It was an announcement that took many Australians by complete surprise – and caught federal MPs on the back foot. In January, China declared it would no longer import waste from other countries for recycling.
To those of us who had no idea we'd been shipping more than 50 per cent of our waste to China, suddenly our recycling bins lost much of their eco-friendly allure. Then we learnt that the recycling industry had been under strain for years as the price for recyclable waste dropped as much as two-thirds.
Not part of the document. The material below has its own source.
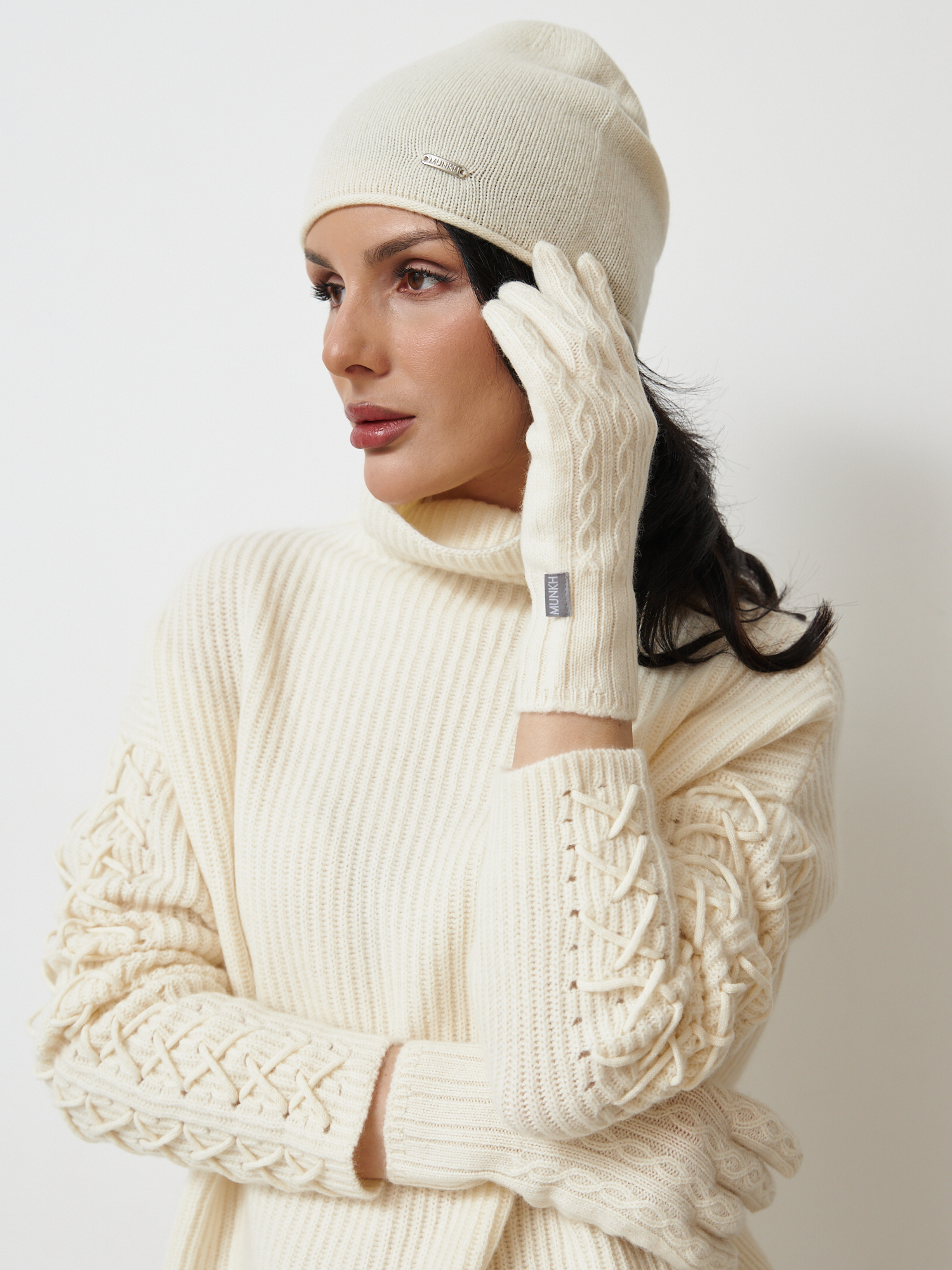 Перчатки из кашемира 31022 кремовые

Is the China blockade a death sentence for the 800 or so companies recycling waste in Australia?
"No, but we need a lot more support from Canberra," says Gayle Sloan, CEO at the Waste Management Association of Australia. "We'd been warning the federal government for years that relying on export markets for recyclables is risky and not in the national interest."
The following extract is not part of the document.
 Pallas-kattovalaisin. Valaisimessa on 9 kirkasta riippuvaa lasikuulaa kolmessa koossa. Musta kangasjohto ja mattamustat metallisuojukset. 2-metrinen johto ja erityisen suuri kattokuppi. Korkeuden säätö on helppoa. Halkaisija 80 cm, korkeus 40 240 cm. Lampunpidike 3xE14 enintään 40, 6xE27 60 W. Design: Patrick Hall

Each Australian produces an average of 2.7 tonnes of waste a year, and Sloan says the China shutdown is an opportunity for us to increase the proportion of waste, now about 60 per cent, that is recycled. The dividends from recycling include less landfill, less pollution and new sustainable products. "For every one tonne of waste recycled, we create one job," says Sloan. "Australian recycling companies are highly innovative, turning glass bottles into paving material for roads, for example."
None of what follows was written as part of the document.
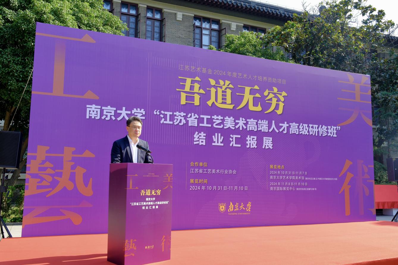 江苏省艺术基金管理中心主任濮琦在致辞中指出,本次展览题材丰富、形式多元、技艺精湛,每一件作品都凝聚了艺术家们的匠心与情怀,他从“大道之行,薪火相传”“文以化人,艺以载道”“积健为雄,时代同声”三个方面深入阐述了工艺美术在中华优秀传统文化传承中的重要性,并寄语高研班学员们要成为推动中国工艺美术走向世界的文化使者,将江苏工艺美术推广至更广阔的国际舞台。

Cutting our waste, says Sloan, will require a whole-of-government approach. "Local government is where the rubber hits the road, with recycling. The states set the regulatory framework, but the federal government has to provide the national financial incentives."
What we want to avoid is the collapse of suburban recycling collections, says Alejandra Laclette, Recycling Label Program Manager with Planet Ark. "I grew up in Mexico, where there is no kerbside recycling system," she says. "So many natural systems in Mexico are degraded by waste – some even close to tourist areas like Cancún."
Planet Ark recently launched a new, easy-to-understand labelling system that shows how to dispose of each piece of a product package. "It's simple, at-a-glance labelling," says Laclette, "and that's what we all need."